ICC Note:
Christian and other minority groups in Sudan continue to be victimized by a government that has been accused for war crimes by the International Criminal Court. After South Sudan split away from Sudan in 2011, many through the victimization of Christians in Sudan would be a thing of the past. Unfortunately, that is not the case. Christians and other minority groups remain under attack. Will the international community step up and confront this issue?
2/12/2013 Sudan (WorldMag) – It’s been almost two years since Sudan divided into two countries, but the problems of political Islam and ethnic cleansing won’t go away.
Many bystanders believed that the successful 2011 partition of Sudan into two countries would end the African nation’s long civil war and attendant atrocities. By demarcating the country along borders that roughly reflected its Islamic, Arab north from its black African, Christian, and animist south—and creating a country now officially known as South Sudan—the thinking was that the two countries could perhaps live at peace, their racial and religious divides now traced and protected by an internationally recognized border and two separate governments. Yasir Arman was never a believer.
Arman—a long-standing leader of the South’s rebel army, the Sudan People’s Liberation Movement (SPLM), and a close confidant of its legendary leader, John Garang—has argued for years that the “northern question” was the one that had to be resolved, not the “southern question.”
For too long everyone has tried to figure out what to do about the South, he told me recently, how to separate and protect its people from Islamic aggression: “The international community hasn’t been willing to talk about what to do about the North, what to do about the problem of political Islam.”
Arman is himself a Muslim. But he’s no friend of the Islamic regime based in Khartoum, and serves as secretary-general of SPLM-North, the rebel movement operating within Sudan to carry on the quest embodied by Garang, who died in a 2005 helicopter crash. Arman is one of a number of Muslims who fought and served under Garang, a Christian, sharing his vision for preserving Sudan’s diversity within a democratic state that respects human rights and the rule of law.

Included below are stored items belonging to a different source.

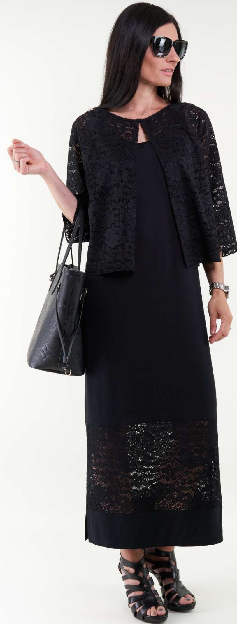
Modell Z1259 (Jacke) Kleid Z1258

MATERIAL 85% Polyester, 15% Elastan FARBE(N) 99 - schwarz, 11 - offwhite GRÖSSEN 34 - 54 RÜCKENLÄNGE 52 cm
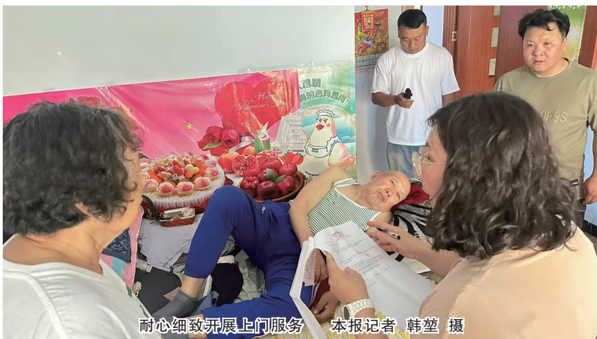
耐心细致开展上门服务
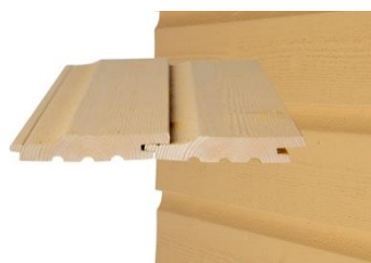
GOLD PRO-K Vaakapanelointi
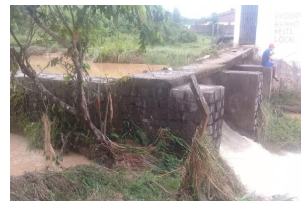
Rompimento da Estação elevatória – Bairro Alice Batista
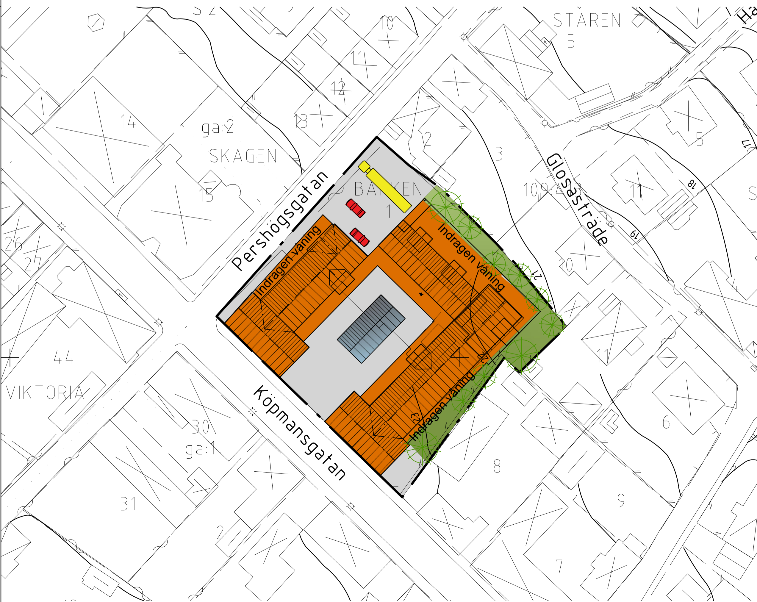
ILLUSTRATIONSKARTA Skala: 1:500 (A1) 1:1000 (A3)
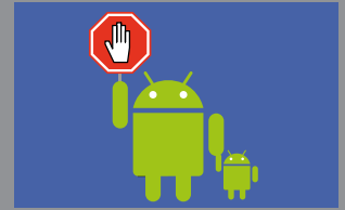
Parental Control Pag. 8
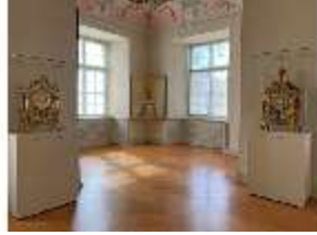
KemRes.III,U, Prunkuhr, Pendule, KemRes.L-U0001, DI023757, BSV
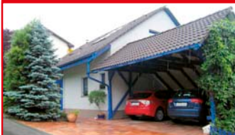
Zlín - Jaroslavice N05061

Udržovaný dům v klidné lokalitě, s terasou a výstupem na zahradu, splňující nároky nízkoenergetického bydlení.
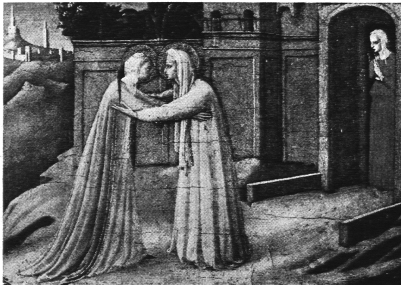
Fra Angelico: Maria besucht Elisabeth

Die Bezugsbedingungen sind ähnlich wie die des profanen Schulwandbilderwerkes. Zu jedem Bibelwandbilderwerk erscheint ein Kommentar. Das Sekretariat des KLVS, Postfach 70, 6301 Zug, läßt sich gerne durch eine große Zahl von spontanen Abonnementsbestellungen und Nachlieferungsaufträgen überraschen!
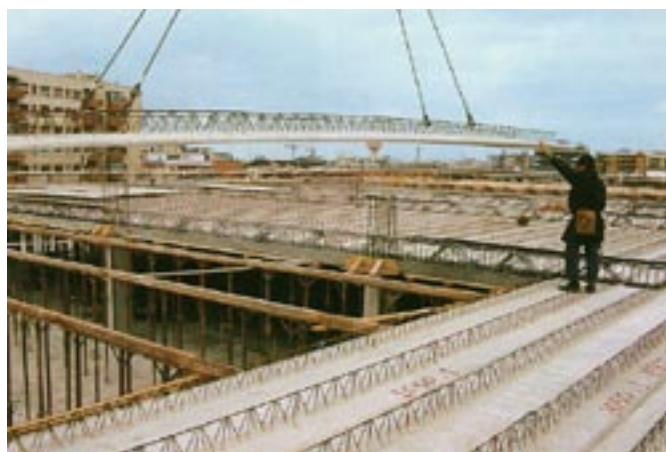
Posa delle lastre precomprese da 10,50 m a due tralicci.
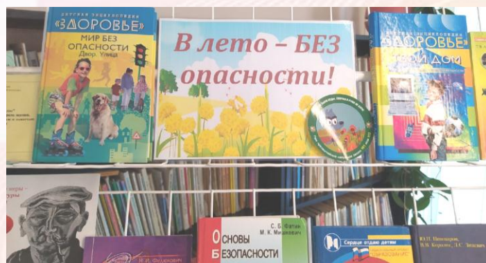
Выставку по безопасности предлагает библиотека колледжа

Как сделать летние каникулы, эту самую самую счастливую пору в жизни каждого учащегося, по-настоящему безопасными? Постарайтесь обсудить с детьми главные вопросы безопасного поведения в местах отдыха, на улицах города, в природных условиях, правила дорожного движения, безопасность на воде, при работе в Интернете, во время селфи, в быту.

“Political Islam is going to divide Africa,” said Arman. “What we have been fighting for over 20 years you now see dividing Egypt, Mali, Nigeria, and Somalia.”
Leaving the “northern question” unresolved has left in power for two decades President Omar al-Bashir, who has sheltered terrorists like Osama bin Laden and is an indicted war criminal before the International Criminal Court at The Hague. Not surprisingly, the conflict and atrocities once visited on the South are escalating in the North—particularly in the ethnically and religiously diverse border states of South Kordofan and Blue Nile.
For the last 18 months those states, home to over 2.5 million Sudanese, have endured aerial bombardments by their own government and military incursions that have driven more than 200,000 people, according to Arman, from their homes. On the ground, armed conflict between government forces and Arman’s SPLM-North prompted Bashir to block outside humanitarian aid—and led to charges that the government there has engaged in ethnic cleansing, and perhaps genocide.
“Ethnic cleansing is largely complete,” concluded former top UN official Mukesh Kapila after a January fact-finding trip to the two states. “Rebel areas are depopulated and largely empty.”
In Blue Nile, Kapila found fields and villages razed, he said. He heard the local population described on Sudanese state radio as “black plastic bags” that had to be cleared from the area. He estimates 450,000 people in Blue Nile affected by the government’s campaign against them.
In South Kordofan, Kapila told reporters, he saw people “living in caves and cracks and eating once every three days.” With sustained bombing of the Nuba Mountains area, and the government blockade on aid, disease and malnutrition are multiplying. “We saw people sitting at the side of the road, with too little energy to even become refugees, who have given up,” Kapila told the Agence France-Presse news service.
On Jan. 31 Kapila and Baroness Caroline Cox, who accompanied Kapila on the trip and is a member of Britain’s Parliament and a longtime advocate for Sudanese Christians, presented a formal report to Aegis Trust in London. Aegis monitors humanitarian crises around the world and could issue a genocide warning for the area in coming weeks.
Conflict in the two-state area began in mid-2011 when Sudan’s military seized Abyei, a disputed border town. Fighting spread to South Kordofan and Blue Nile, states with a diverse mix of Christians and Muslims and varied tribes, all opposing the political makeup forced on them by the Sudanese government as South Sudan gained independence. At the same time Bashir announced his intent to “strengthen Islamic law” with an Islamic constitution, prompting angry demonstrations even in Khartoum, Sudan’s capital.
With mass starvation and exodus in the border areas, thousands fled into South Sudan. That didn’t halt aerial bombardments from the North. In November 2011 international journalists were on hand when Khartoum’s military aircraft fired directly into Yida refugee camp in South Sudan. And humanitarian workers have confirmed over 40 aerial assaults on South Sudan camps housing the North’s refugees.